THE INPUT:
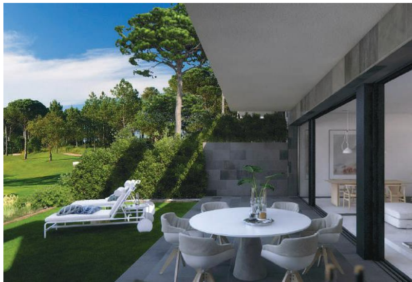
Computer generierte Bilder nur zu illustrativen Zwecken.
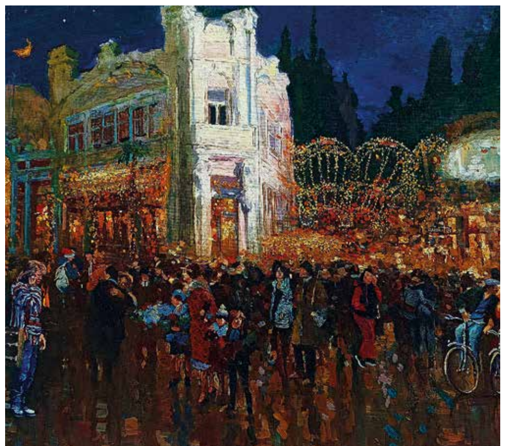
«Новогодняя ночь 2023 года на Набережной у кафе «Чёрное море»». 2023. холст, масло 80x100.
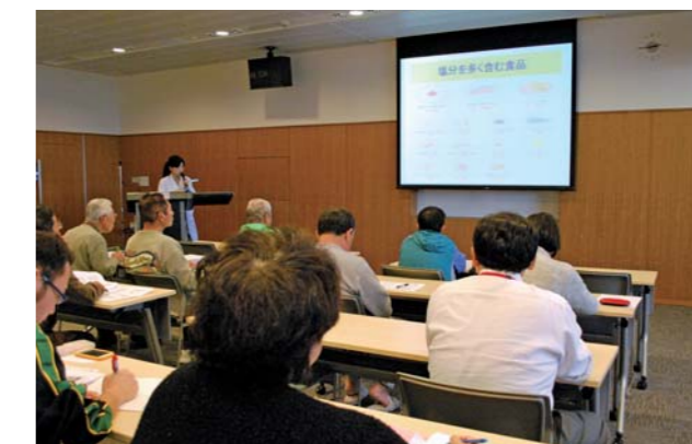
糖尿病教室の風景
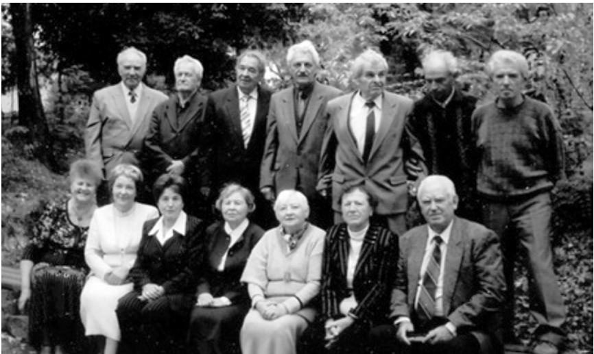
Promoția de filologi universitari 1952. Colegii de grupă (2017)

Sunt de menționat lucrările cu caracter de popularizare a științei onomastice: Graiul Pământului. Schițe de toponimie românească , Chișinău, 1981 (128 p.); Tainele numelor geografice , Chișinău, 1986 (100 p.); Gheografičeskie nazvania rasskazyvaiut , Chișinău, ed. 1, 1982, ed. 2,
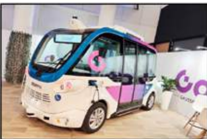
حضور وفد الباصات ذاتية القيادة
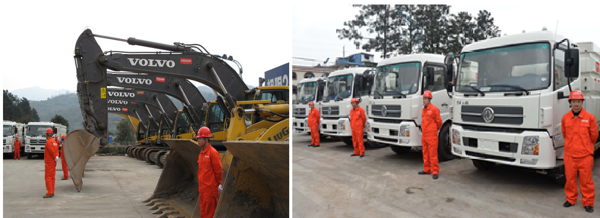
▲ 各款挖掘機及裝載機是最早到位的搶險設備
==
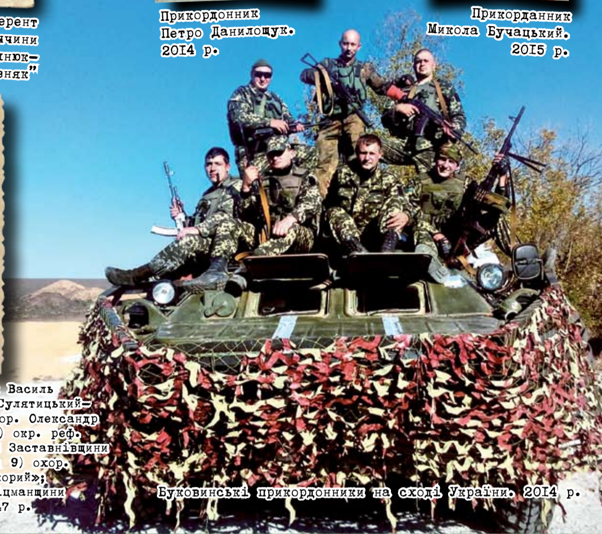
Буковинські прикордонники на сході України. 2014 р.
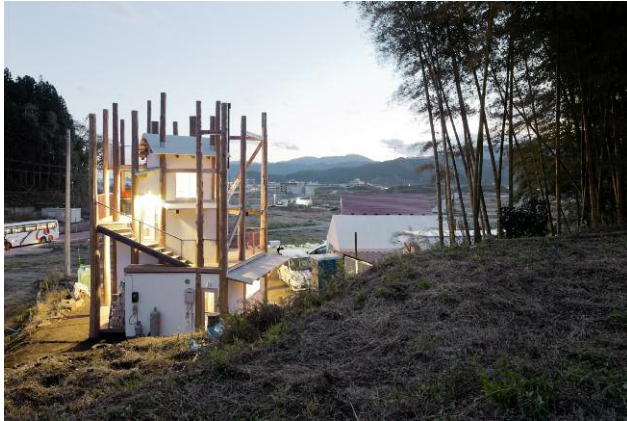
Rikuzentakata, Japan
* * *
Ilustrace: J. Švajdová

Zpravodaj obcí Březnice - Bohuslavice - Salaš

WORK INSTRUCTIONS:
Starting at the line containing "Computer generierte Bilder" and stopping at the line containing "Promoția de filologi", output each line exactly as it appears above. Leave out the pictures.

OUTPUT FOR THIS TASK:
Computer generierte Bilder nur zu illustrativen Zwecken.
«Новогодняя ночь 2023 года на Набережной у кафе «Чёрное море»». 2023. холст, масло 80x100.
糖尿病教室の風景
Promoția de filologi universitari 1952. Colegii de grupă (2017)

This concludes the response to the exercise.